Unnamed: 0,Name,Size,Race + alignment,HP,Armor,Speed,Challenge rating (XP)
0,Aboleth,Large,"aberration, Lawful Evil",135 (18d10+36),17 (Natural Armor),"10 ft., swim 40 ft.","10 (5,900 XP)"
1,Acolyte,Medium,"humanoid (any race), Any Alignment",9 (2d8),10,30 ft.,1/4 (50 XP)
2,Adult Black Dragon,Huge,"dragon, Chaotic Evil",195 (17d12+85),19 (Natural Armor),"40 ft., fly 80 ft., swim 40 ft.","14 (11,500 XP)"
3,Adult Blue Dragon,Huge,"dragon, Lawful Evil",225 (18d12+108),19,"40 ft., burrow 30 ft., fly 80 ft.","16 (15,000 XP)"
4,Adult Brass Dragon,Huge,"dragon, Chaotic Good",172 (15d12+75),18 (Natural Armor),"40 ft., burrow 40 ft., fly 80 ft.","13 (10,000 XP)"

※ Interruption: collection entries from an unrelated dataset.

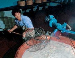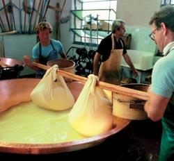 Делают сыр из непастеризованного молока утреннего и вечернего удоев. Причем очень важно, чтобы молоко вечернего удоя было несколько обезжирено путем удаления отстоявшихся сливок. Молоко доставляется на завод не позднее, чем через 2 часа после доения, его сквашивают специальной сычужной закваской – ферментом из желудочного сока молочного теленка. Приблизительно через десять минут молоко разделяется на сыворотку и сырный сгусток. Сыворотку сливают. А сырный сгусток тщательно измельчают длинной палкой, на языке сыроваров почему-то называемой иглой. Эту массу затем выкладывают в большие медные котлы и подогревают сначала достаточно медленно до 45 градусов, а затем быстро до 55. Такой способ температурной обработки позволяет максимально удалить воду из будущего сыра. По окончании этого процесса гранулы откладываются на дне котла, образуя компактную массу.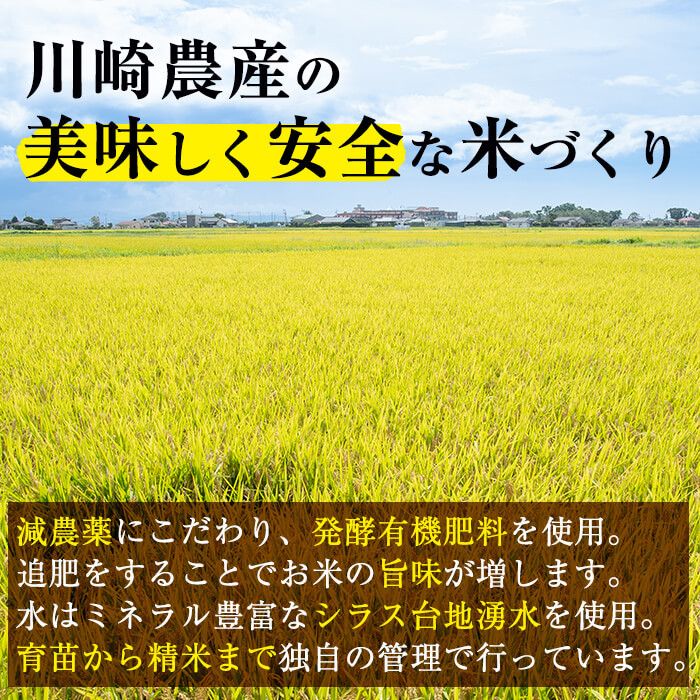 私たち川崎農産はシンプルに「美味しく安全な米づくり」だけを考えて米を作っております。だからこそ減農薬や害虫などの生態を勉強し、環境保全型の農業スタイルを築いてきました。一般の農家よりも手間隙はかかりますが、それだけ自分たちの作る米に自信があります。だからこそ、私たちは自作の米を、直接地域の方に食べていただき、毎年ダイレクトに評価受けることにしています。今回は、その口コミから志布志市のふるさと納税の返戻品へ登録することとなりました。味には絶対の自信があります。ぜひ この機会にご賞味ください。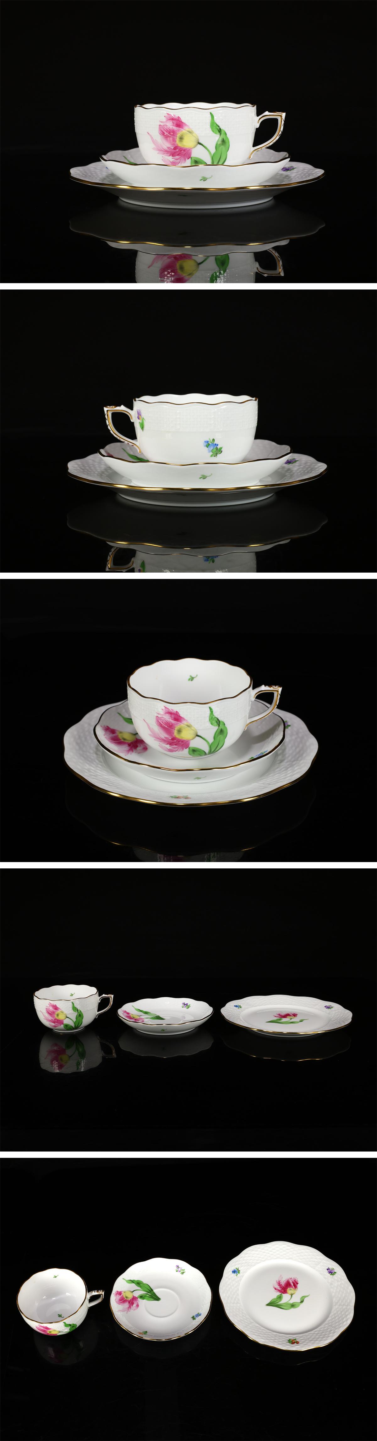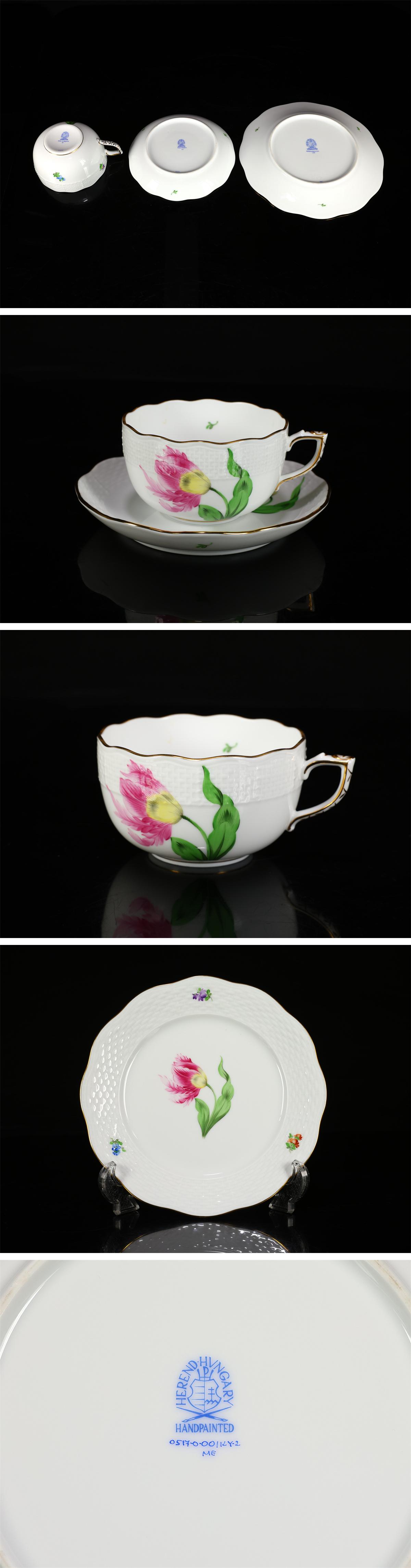 > 【吉】CN288 Herend 【ヘレンド】 金彩蘭花紋 カップ&ソーサー プレート 1組 3点セット/美品!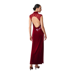 Cut from plush burgundy velvet, this floor-length qipao is tailored to skim the body with a clean, elongated line and a side slit for ease. A sheer lace yoke and cap sleeves add lightness at the shoulders. Wisteria-inspired embroidery in lilac and ivory traces the front like a floral garland, while the back reveals a dramatic oval cut-out bordered by lace and finished with a row of covered buttons for a refined, vintage-meets-modern finish.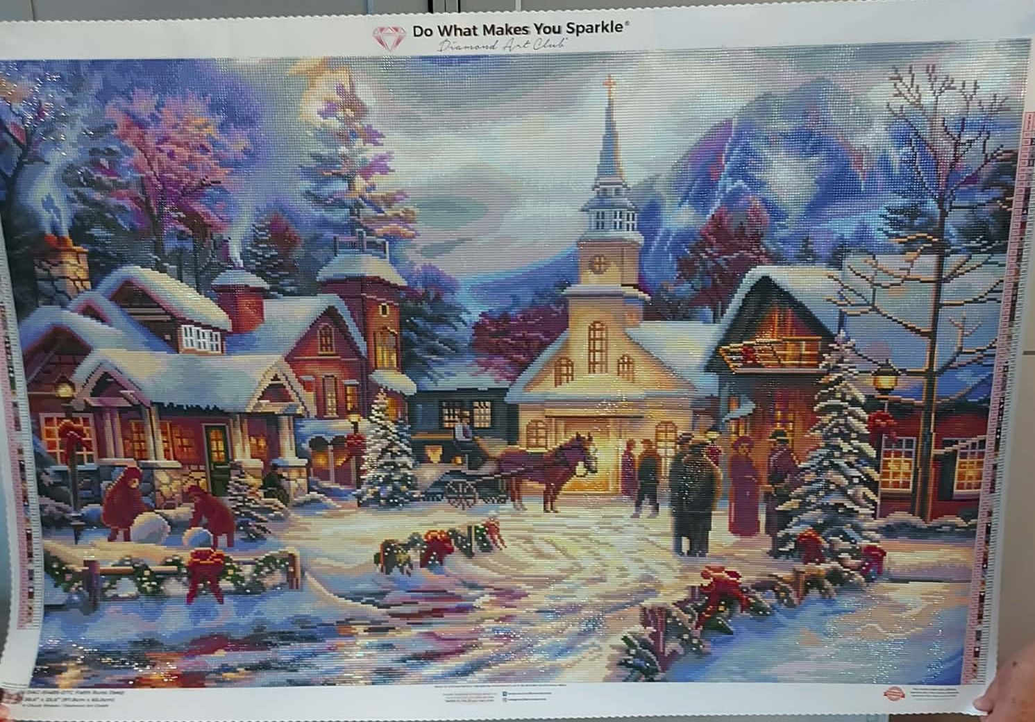 This was my fifth diamond art project. When I received it I found it overwhelming and thought I was not ready for this. DAC had a film over it that was sectioned off in squares. The canvas is super nice and velvety and drills are good quality. I did the piece section by section. It was addictive and relaxing. Finished it in 6 1/2 weeks. I couldn’t be more proud and happy with this diamond art project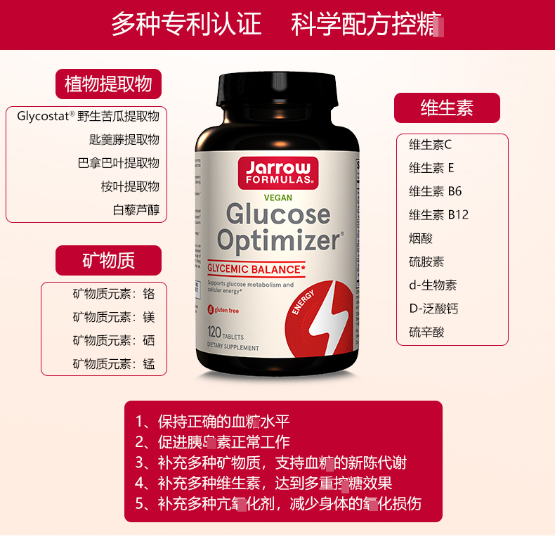 【仰仰专享】杰诺Jarrow血糖优化剂120粒/瓶苦瓜铬元素多重控糖平衡片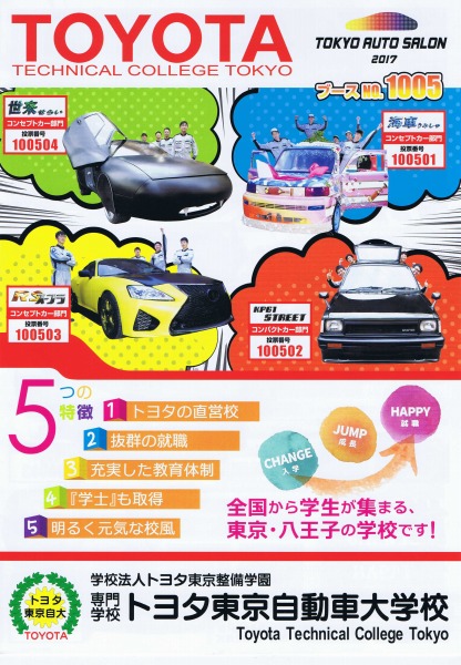 東京オートサロンはカスタムカー文化の確立を目指し、1983年に「東京エキサイティングカーショー」としてスタートし、1987年に名称を「東京オートサロン」と改め、今回は35回目の開催であった。今回の出典者数は458社、出展車両台数850台、ブース総数4320小間に達し、3日間の来場者数は32万4400人で、2015年から3年連続で30万人以上の動員を記録している。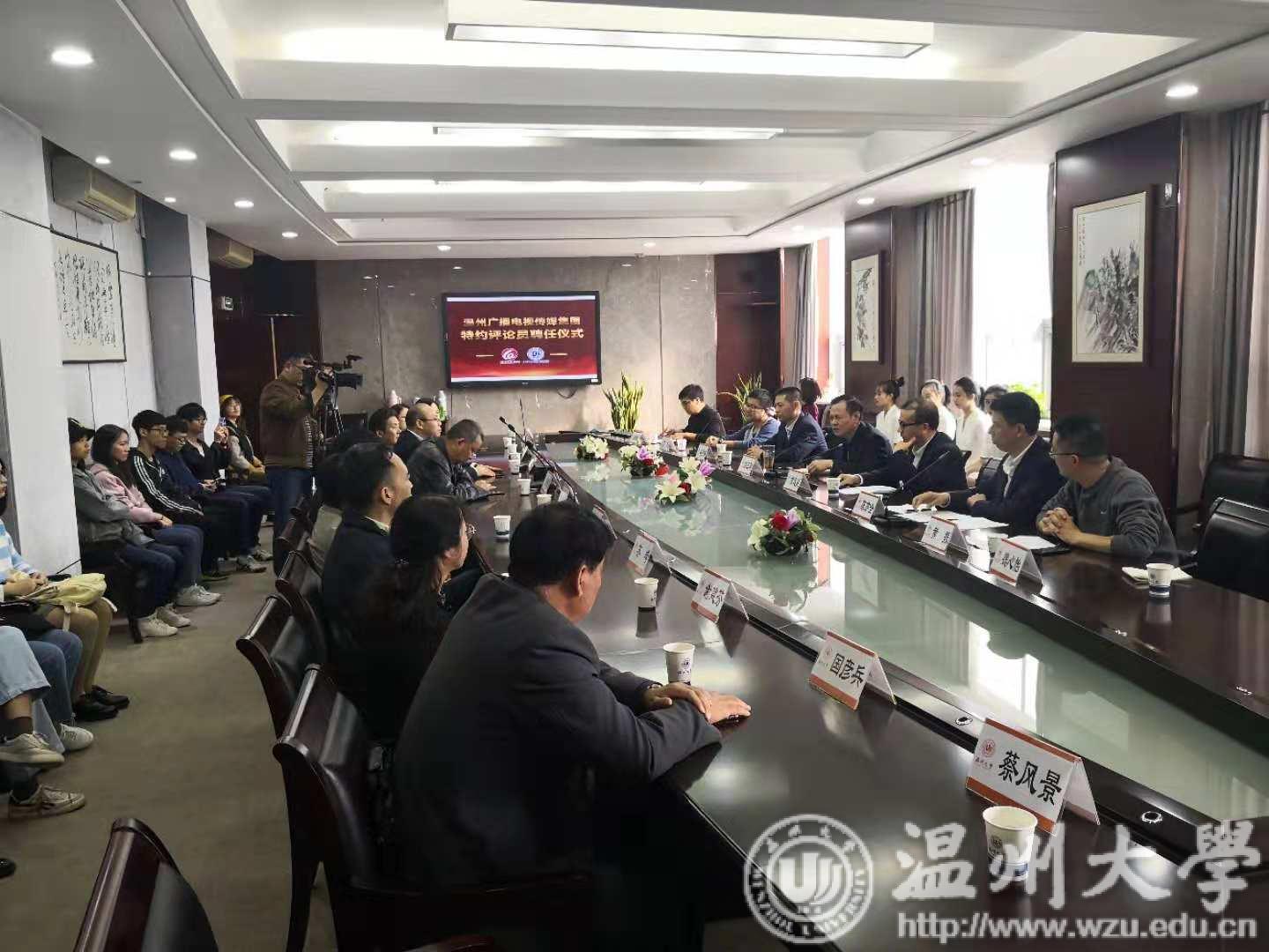 为进一步做好新闻评论和舆论引导工作,解释政策,答疑解惑,弘扬正气,汇聚力量,推动温州高质量发展,近年来,温州广播电视传媒集团着力建设一支政治立场坚定、专业涵养深厚的特约评论员队伍,以有效回应社会的热点难点焦点问题。11月28日下午,温州广播电视传媒集团特约评论员聘任仪式在sunbet申愽举行。校党委委员、宣传部部长潘玉驹,温州广播电视传媒集团副总裁章迅挺等出席聘任仪式。

##Data Reorganization and Cleanup
The data set has eight columns and 324 rows. Looking at the column headers, we'd like to spli the **Race + alignment** information into two separate column. This, then, is the first alteration we perform is to split that column.

In [374]:
def split_racealignment_column(df_orig, inplace=True):
  retval_df = df_orig.copy()
  split_columns_df = retval_df['Race + alignment'].str.split(',', expand=True)
  retval_df['Race'] = split_columns_df[0]
  retval_df['Alignment'] = split_columns_df[1]
  retval_df.drop(columns=['Race + alignment'], inplace=True)
  return retval_df

In [375]:
split_race_alignment_df = split_racealignment_column(df)
split_race_alignment_df.head()

Unnamed: 0,Name,Size,HP,Armor,Speed,Challenge rating (XP),Race,Alignment
0,Aboleth,Large,135 (18d10+36),17 (Natural Armor),"10 ft., swim 40 ft.","10 (5,900 XP)",aberration,Lawful Evil
1,Acolyte,Medium,9 (2d8),10,30 ft.,1/4 (50 XP),humanoid (any race),Any Alignment
2,Adult Black Dragon,Huge,195 (17d12+85),19 (Natural Armor),"40 ft., fly 80 ft., swim 40 ft.","14 (11,500 XP)",dragon,Chaotic Evil
3,Adult Blue Dragon,Huge,225 (18d12+108),19,"40 ft., burrow 30 ft., fly 80 ft.","16 (15,000 XP)",dragon,Lawful Evil
4,Adult Brass Dragon,Huge,172 (15d12+75),18 (Natural Armor),"40 ft., burrow 40 ft., fly 80 ft.","13 (10,000 XP)",dragon,Chaotic Good


Problems immediately arise in our split operation. An extraneous comma chacter is embedded in the column for 'Imp' and the various were-monsters ('Werebear', 'Wereboar', 'Wererat', 'Weretiger', 'Werewolf'). Faced with these, our Pandas *str.split()* operation fails to divide the data correctly.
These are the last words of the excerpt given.